• **Required action**
Transcribe exactly, leaving out pictures, the lines from the one that holds "在这样的背景下,年内短剧互动" through the end of the data below, including both end lines and no others.

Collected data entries
╭──

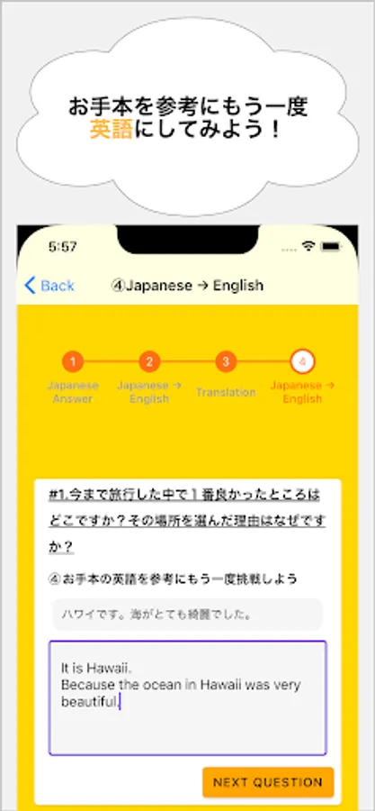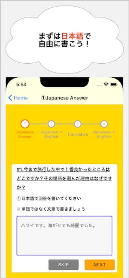 By practicing the above flow repeatedly, you will be able to speak the content that comes to your mind in fluent English!
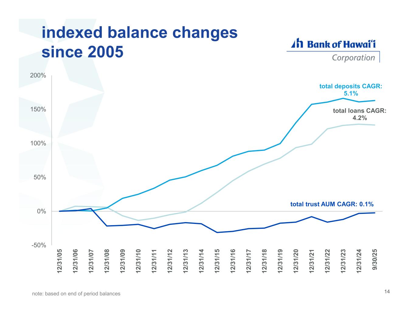 indexed balance changes since 2005 note: based on end of period balances total loans CAGR: 4.2% total deposits CAGR: 5.1% -50% 0% 50% 100% 150% 200% 1 2/ 3 1/ 0 5 1 2/ 3 1/ 0 6 1 2/ 3 1/ 0 7 1 2/ 3 1/ 0 8 1 2/ 3 1/ 0 9 1 2/ 3 1/ 1 0 1 2/ 3 1/ 1 1 1 2/ 3 1/ 1 2 1 2/ 3 1/ 1 3 1 2/ 3 1/ 1 4 1 2/ 3 1/ 1 5 1 2/ 3 1/ 1 6 1 2/ 3 1/ 1 7 1 2/ 3 1/ 1 8 1 2/ 3 1/ 1 9 1 2/ 3 1/ 2 0 1 2/ 3 1/ 2 1 1 2/ 3 1/ 2 2 1 2/ 3 1/ 2 3 1 2/ 3 1/ 2 4 9 /3 0 /2 5 total trust AUM CAGR: 0.1% 14
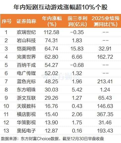 在这样的背景下,年内短剧互动游戏概念整体强势,截至12月30日早盘结束,年内累计涨幅为15.46%。其中欢瑞世纪年内股价翻倍,上涨了112.58%。岩山科技、恺英网络、完美世界、百纳千成、电广传媒也涨幅靠前,年内均超50%。
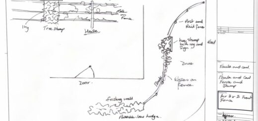 Download PDF drawing Click Here Using the stump from the removed pine tree to create a post and rail fence to add extra strength to fence
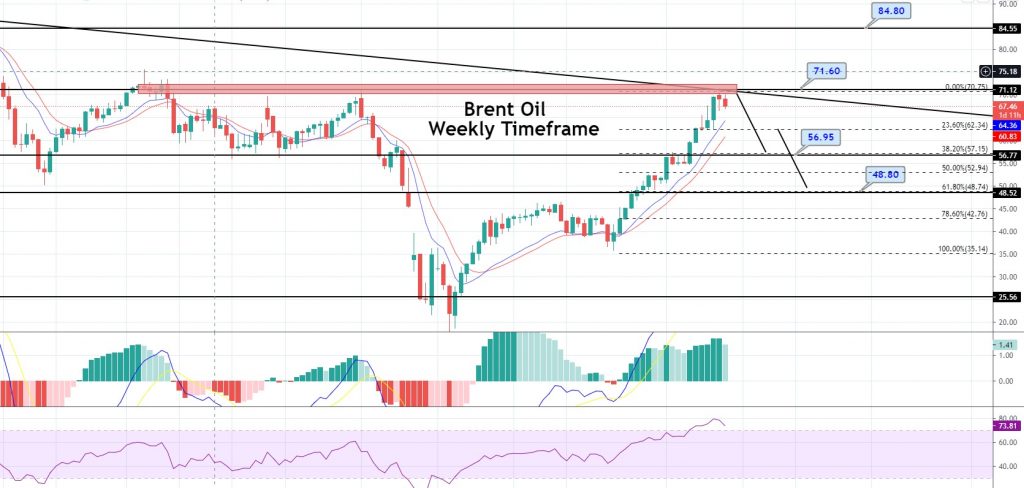 On the weekly time-frame, Brent Oil has closed a Doji pattern below $71.60 resistance, and at the same time, the MACD and RSI are also hitting the overbought zone. Technically this means the bulls are exhausted, and they may start profit-taking in the overbought Brent Oil. That being said, Brent prices may drop until the $62.34 (23.6% Fibo) level at first, and later the violation of the $62.34 level can lead Brend price towards the next support area of $56.95, a level that marks 38.2% Fibonacci retracement. If Brent Oil fundamental continues to pressure the oil market, we may see further drop in until 61.8% Fibonacci retracement level of $48.80. However, UK oil may continue to trade bullish on the breakout of $71.60 level to target next resistance around $84.80. Good luck!

╰──

• **Response**
 在这样的背景下,年内短剧互动游戏概念整体强势,截至12月30日早盘结束,年内累计涨幅为15.46%。其中欢瑞世纪年内股价翻倍,上涨了112.58%。岩山科技、恺英网络、完美世界、百纳千成、电广传媒也涨幅靠前,年内均超50%。
 Download PDF drawing Click Here Using the stump from the removed pine tree to create a post and rail fence to add extra strength to fence
 On the weekly time-frame, Brent Oil has closed a Doji pattern below $71.60 resistance, and at the same time, the MACD and RSI are also hitting the overbought zone. Technically this means the bulls are exhausted, and they may start profit-taking in the overbought Brent Oil. That being said, Brent prices may drop until the $62.34 (23.6% Fibo) level at first, and later the violation of the $62.34 level can lead Brend price towards the next support area of $56.95, a level that marks 38.2% Fibonacci retracement. If Brent Oil fundamental continues to pressure the oil market, we may see further drop in until 61.8% Fibonacci retracement level of $48.80. However, UK oil may continue to trade bullish on the breakout of $71.60 level to target next resistance around $84.80. Good luck!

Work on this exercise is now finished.